I am uncertain whether or not it will be possible to align models constructed like this, and I have some worries that halfhearted attempts to make models secure will reassure people more than they should. Nevertheless, my guess is that it's more dignified for us to have these sorts of reporting systems than to not have them; for cybersecurity experts to be involved in the creation of the systems surrounding AI than for them to not be involved; for people interested in the large-scale problems to be contributing (in dignity-increasing ways) to companies which are likely to be involved in causing those large-scale problems than not. I think those are potentially all controversial (especially the last), and so am interested in talking about them.

Nevertheless, my guess is that it's more dignified for us to have these sorts of reporting systems than to not have them

Can you elaborate on this one? (I don't have a strong opinion one way or the other; seems unclear to me.
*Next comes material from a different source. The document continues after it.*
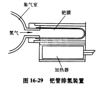把管排氫裝置如圖16-29所示,通常裝在自動抽氣裝置的集氣室上。鈀管排氫裝置在工作時,必須保持300℃左右的高溫。因此,需要利用加熱器進行加熱。除長期停機外,一般不切斷加熱器的電源。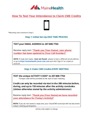 Step 1: Initial Set-Up-ONE TIME PROCESS TEXT your EMAIL ADDRESS to 207-808-7704 Receive reply text: “Thank you [Your Name], your phone number has been updated to [Your Cell Number]” NOTE: If reply text states, ‘User not found’, please re-text a different email address or go to http://mainehealth.cloud-cme.com and click ‘Sign In” to create an account.

If this system had been in place before Bing, and it had properly fixed all the issues with Bing, it seems plausible to me that this would've been net negative for x-risk reduction. The media coverage on Bing seems good for getting people to be more concerned about alignment and AI safety, reducing trust in a "we'll just figure it out as we go" mentality, increasing security mindset, and providing a wider platform for alignment folks.)

for cybersecurity experts to be involved in the creation of the systems surrounding AI than for them to not be involved

This seems good to me, all else equal (and might outweigh the point above). 
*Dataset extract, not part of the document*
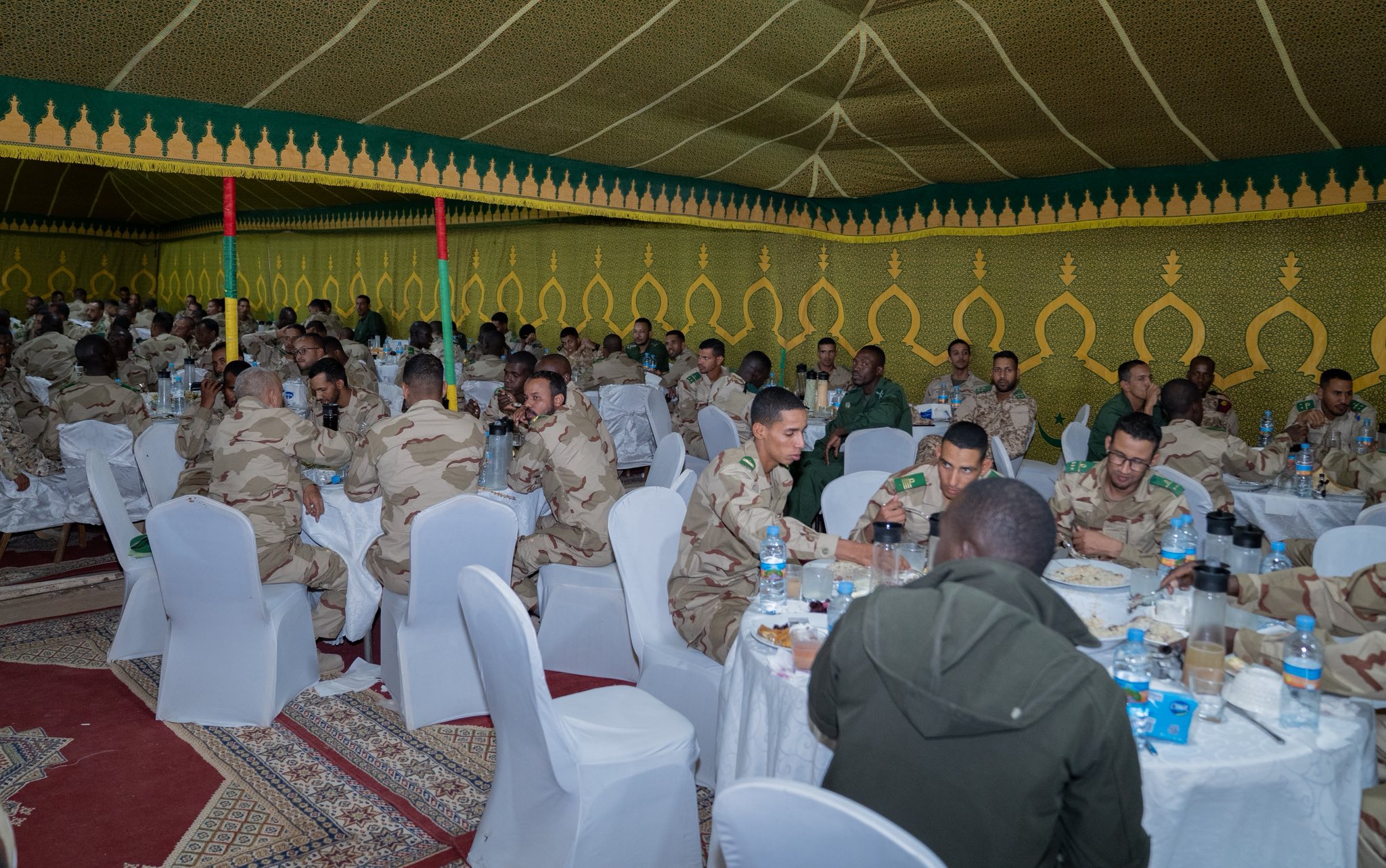 شارك فخامة رئيس الجمهورية، القائد الأعلى للقوات المسلحة، السيد محمد ولد الشيخ الغزواني، مساء اليوم الخميس، أفراد القوات المسلحة وقوات الأمن بحامية أطار إفطارهم الرمضاني، وذلك بمقر الأكاديمية العسكرية لمختلف الأسلحة بمدينة أطار.

for people interested in the large-scale problems to be contributing (in dignity-increasing ways) to companies which are likely to be involved in causing those large-scale problems than not

This also seems good to me, though I agree that the case isn't clear. It also likely depends a lot on the individual and their counterfactual (e.g., some people might have strong comparative advantages in independent research or certain kinds of coordination/governance roles that require being outside of a lab).

reducing trust in a "we'll just figure it out as we go" mentality

I think reducing trust in "we'll just figure it out as we go" while still operating under that mentality is bad; I think steps like this are how we stop operating under that mentality. [Was it the case that nothing like this would happen in a widespread way until high profile failures, because of the lack of external pressure? Maybe.]
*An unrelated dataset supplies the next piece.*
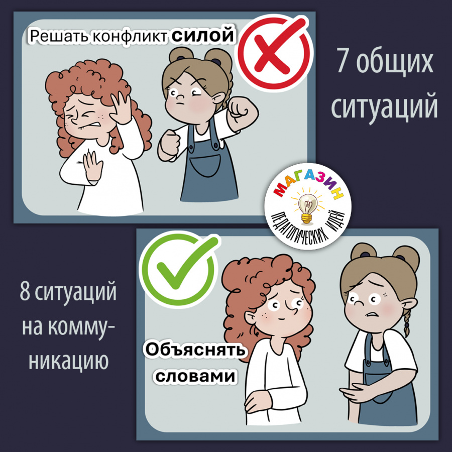 Здесь 15 инструкций, состоящих из примера поведения, как делать не надо, и как надо. На карточках иллюстрация и краткое описание. Условно ситуации можно разделить на 2 части: общеучебные ситуации и коммуникация (в том числе и профилактика травли).

I think users being able to report problems doesn't help with x-risk-related problems. (The issue will be when these systems stop sending bug reports!) I nevertheless think having systems for users to report issues will be a step in the right direction, even if it doesn't get us all the way.

It also likely depends a lot on the individual and their counterfactual (e.g., some people might have strong comparative advantages in independent research or certain kinds of coordination/governance roles that require being outside of a lab).

This seems right and is good to point out; but it wouldn't surprise me if the right place for a lot of safety-minded folk to be is non-profits with broad government/industry backing that serve valuable infrastructure roles, rather than just standing athwart history yelling "stop!". [How do we get that backing? Well, that's the challenge.]

The argument I see against this is that voluntary security that's short term useful can be discarded once it's no longer so, whereas security driven by public pressure or regulation can't. If a lab was had great practices for forever and then dropped them, there would be much less pressure to revert than if they'd previously had huge security incidents.

For instance, we might want to focus on public pressure for 1-2 years, then switch gears towards security

I agree that you want the regulation to have more teeth than just being an industry cartel. I'm not sure I agree on the 'switching gears' point--it seems to me like we can do both simultaneously (tho not as well), and may not have the time to do them sequentially.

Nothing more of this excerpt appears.